O Vingador

Nos anos 1940, a multinacional Colgate Palmolive- responsável por produtos, como por exemplo, creme dental, escova de dente e sabonete- apostou fichas em O Vingador, um cow-boy mascarado, Waldir Wey, que tinha por companheiro o índio Calunga, vivido pelo José Scatena.
Por Ricardo MedeirosA mocinha era Agnes Aires e um dos bandidos era Ruy Amaral. Toda produção dessas aventuras ficava a encargo da empresa de publicidade Standard Propaganda , com estúdios em São Paulo à rua Senador Feijó.

Como o volume de trabalho era grande, a agência tinha que fazer gravações do Vingador durante o período da noite. Num desses serões, em 1941,  fazia muito calor e a produção decidiu deixar a janela aberta enquanto gravava mais uma aventura. No episódio registrado a mocinha estava gritando, pois passava por um grande perigo : amarrada a um tronco de árvore seria serrada ao meio pelos bandidos-masoquistas, que gargalhavam ao ver o trágico fim do personagem feminino. Com gritos da mocinha, risadas dos bandidos, tudo isso misturado a um cão latindo, os vizinhos do prédio da Standard ficaram aparavorados, acreditando que um verdadeiro crime seria cometido, bem ao lado deles.
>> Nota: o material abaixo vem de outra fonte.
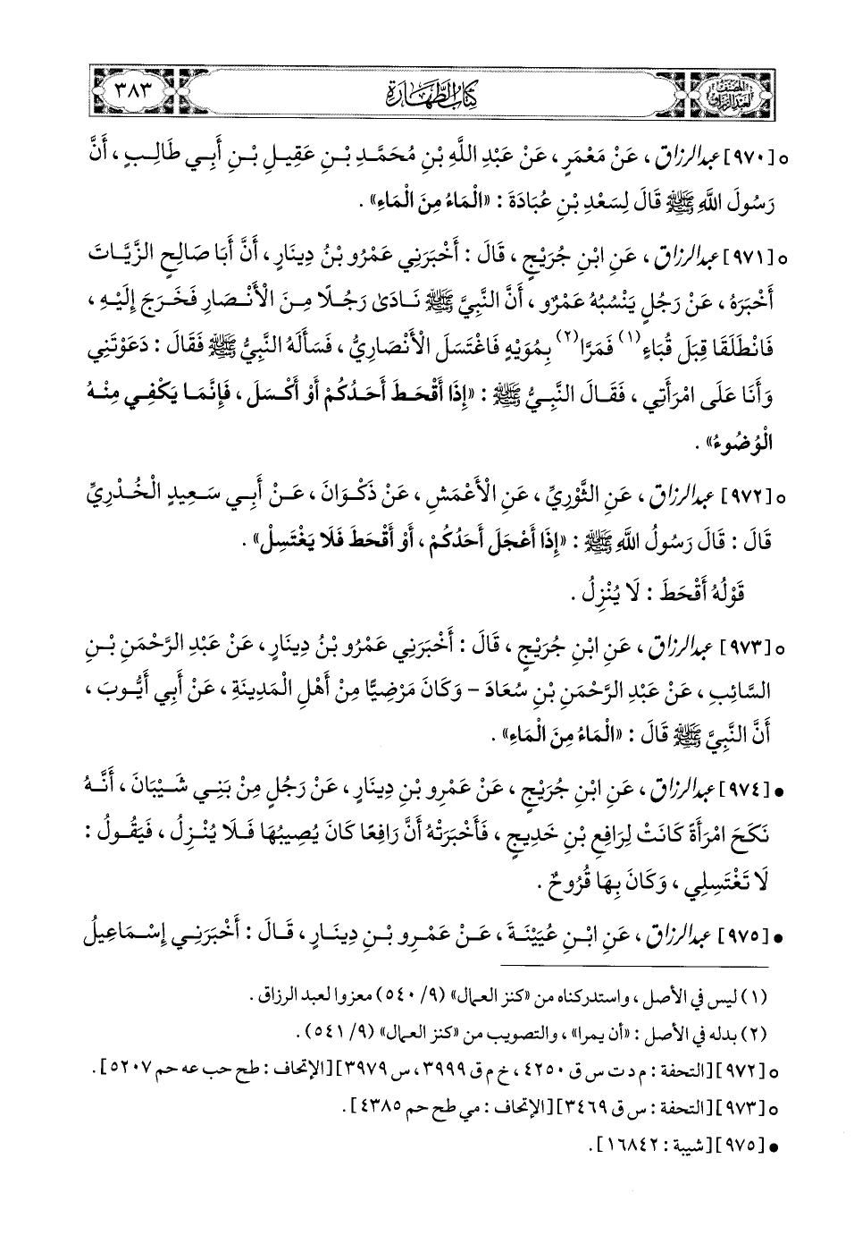 973- عبد الرزاق، عَنِ ابْنِ جُرَيْجٍ، قَالَ: أَخْبَرَنِي عَمْرُو بن دِينَارٍ، عَنْ عَبدِ الرَّحْمَنِ بْنِ السَّائِبِ، عَنْ عَبدِ الرَّحْمَنِ بْنِ سُعَادٍ، وَكَانَ مَرْضِيًّا مِنْ أَهْلِ المَدِينَةِ، عَنْ أَبِي أَيُّوبَ، أَنَّ النَّبِيَّ صَلَّى اللهُ عَلَيْهِ وَسَلَّمَ قَالَ: المَاءُ مِنَ المَاءِ.
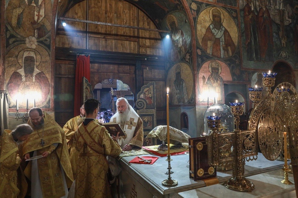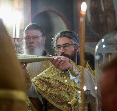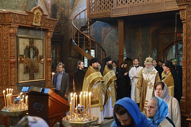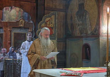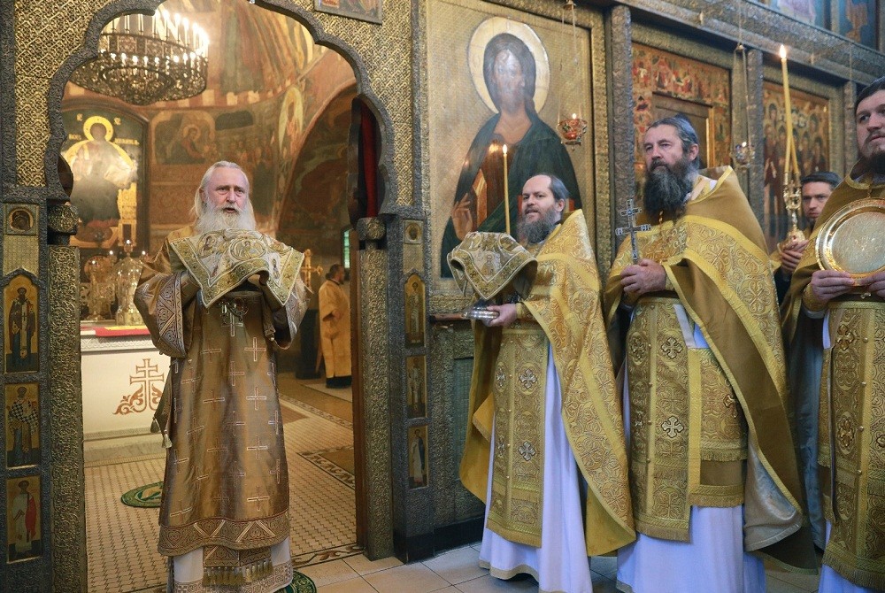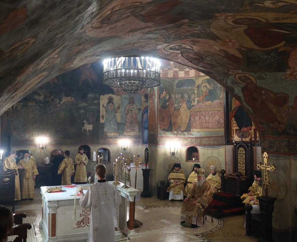 Его Высокопреосвященству сослужили наместник монастыря иеромонах Иоанн (Лудищев), архимандрит Иов (Гумеров), иеромонах Лука (Ауле), иеромонах Ириней (Пиковский), иеромонах Никита (Вдовин), иеромонах Кирилл (Попов), иеромонах Агафангел (Давлатов), диакон Богдан Мошура, иеродиакон Феофан (Бортников), иеродиакон Савва (Салюк).
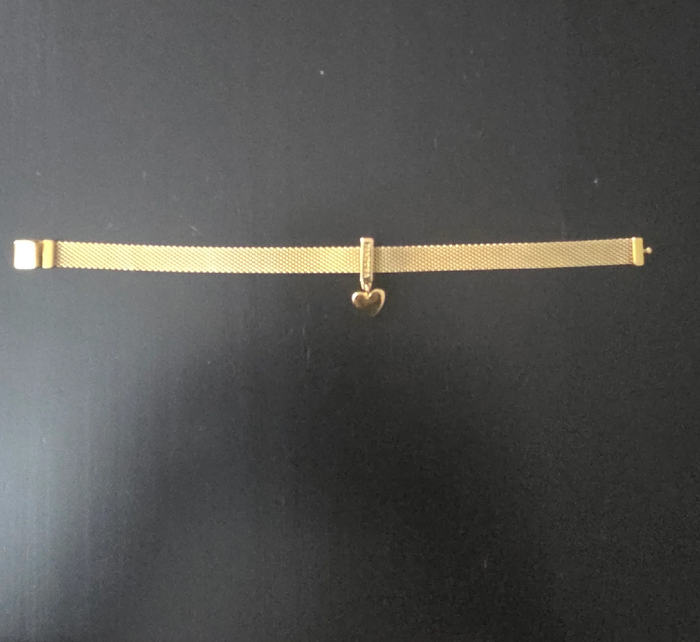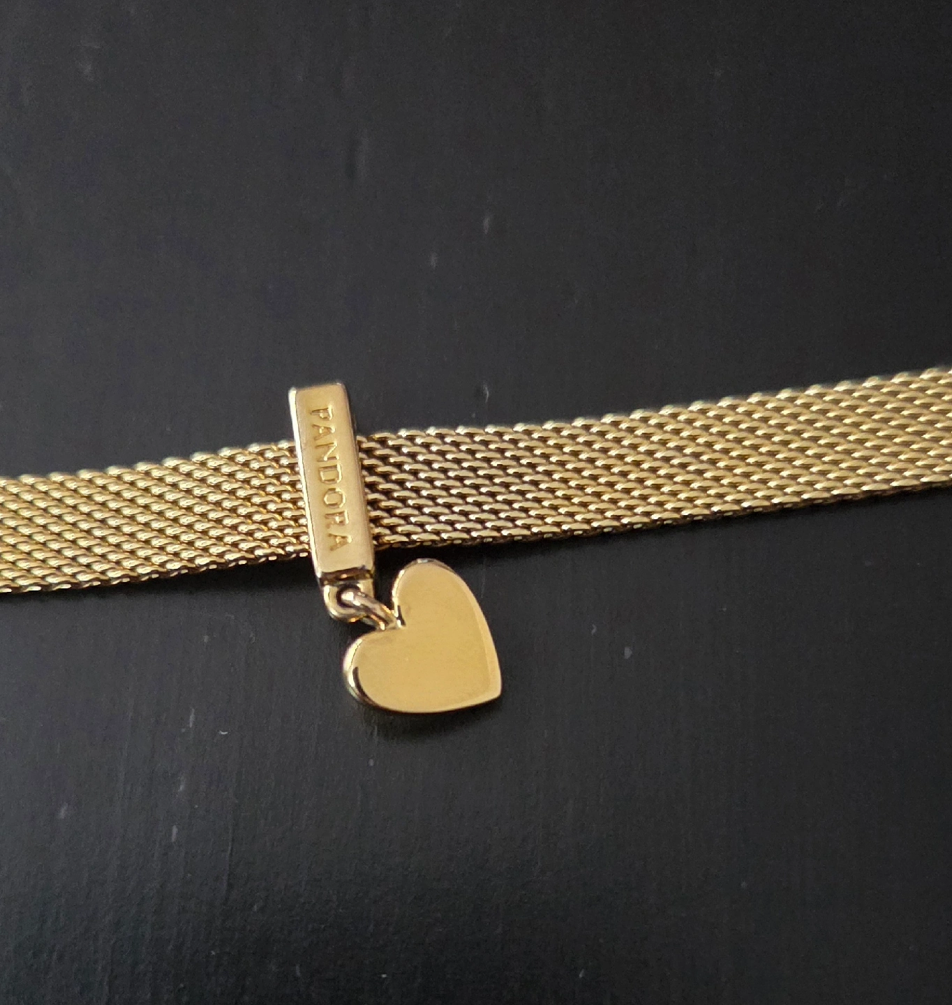 10This is a beautiful gold-plated Pandora mesh bracelet with a heart charm. It's in great condition and would make a lovely addition to any jewelry collection. The bracelet is stylish and perfect for adding a touch of elegance to any outfit. Feel free to message me with any questions!
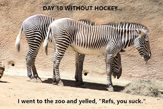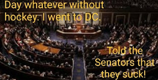 As for the weight loss, I did get up and exercise every day but one, because I was up late (re-)watching a hockey game. I do build in those off days for the mornings after hockey game attendance or hockey game watching from home, so it wasn't as if I was cheating. In fact, I lost all those built-in off-days because hockey's been canceled.

A polícia foi acionada e a produção do Vingador teve que esse explicar para o delegado, que aquilo era ficção, que não era verídico, que aquilo era radioteatro, eram cenas da série preparada para no dia seguinte estar nos lares dos paulistanos.

O programa diário de 20 minutos tinha até um clube, o Clube do Vingador, cujos sócios recebiam uma série de recordações do seu herói. Através dos jornais, os fãs de O Vingador deveriam preenher um cupom que tinha o seguinte juramento : « Juro ser sempre honesto e defender os fracos contra os fortes ! ». Com isso, os ouvintes se tornavam sócios do Clube do Vingador e ganhavam um distintivo do seu herói preferido, feito de aço esmaltado em cores. Os sócios tinham direito ainda a uma senha secreta que permitia que os membros do clube se identificarem entre entre les, bem como a um jornalzinho colorido, com aventuras em quadrinhos do Vingador. Esta era uma estratégia de marketing que encontrava os seus adeptos principalmente entre os meninos. A garotada não media esforços para adquirir as lembranças colocadas no mercado pela Colgate-Palmolive.

Por sua vez, a Gessy, empresa especializada em produtos de toalete,  transmitia um conselho de segunda à sexta-feira, dentro da sessão O Homem Pássaro, um seriado que passava na Rádio Nacional, às 17h30 :«Rapaz, ouça bem esse conselho. Se você deseja ser forte e varonil, siga esses passos de salutares métodos. Levante-se cedo, faça pelo menos quinze minutos de ginástica sueca, faça alguns minutos de corrida acelerada e, finalmente, dirija-se para o banheiro e tome o seu banho com o sabonete Gessy […] Seguindo esse método, você será um rapaz forte e sadio, tornando-se um perfeito atleta e um admirável defensor da ordem e da justiça ». 

Este texto  era lido na abertura das aventuras do mocinho voador e era lido em tom didático, como uma lição de higiene e de saúde. De acordo com a historiadora  Lia Calabre o texto publicitário trazia em seu bojo também um espírtio nacionalista. Primeiro, porque desde 1937, por ordem do governo Vargas, estava presente nos currículos escolares a disciplina de educação física, com a intenção de manter em forma os alunos.

Segundo, porque no período de transmissão do seriado, 1944-1945, o país estava envolvido na segunda Guerra Mundial. Assim sendo, « todo jovem deveria querer ser forte, varonil, sadio, um perfeito atleta e um defensor da ordem e da justiça ».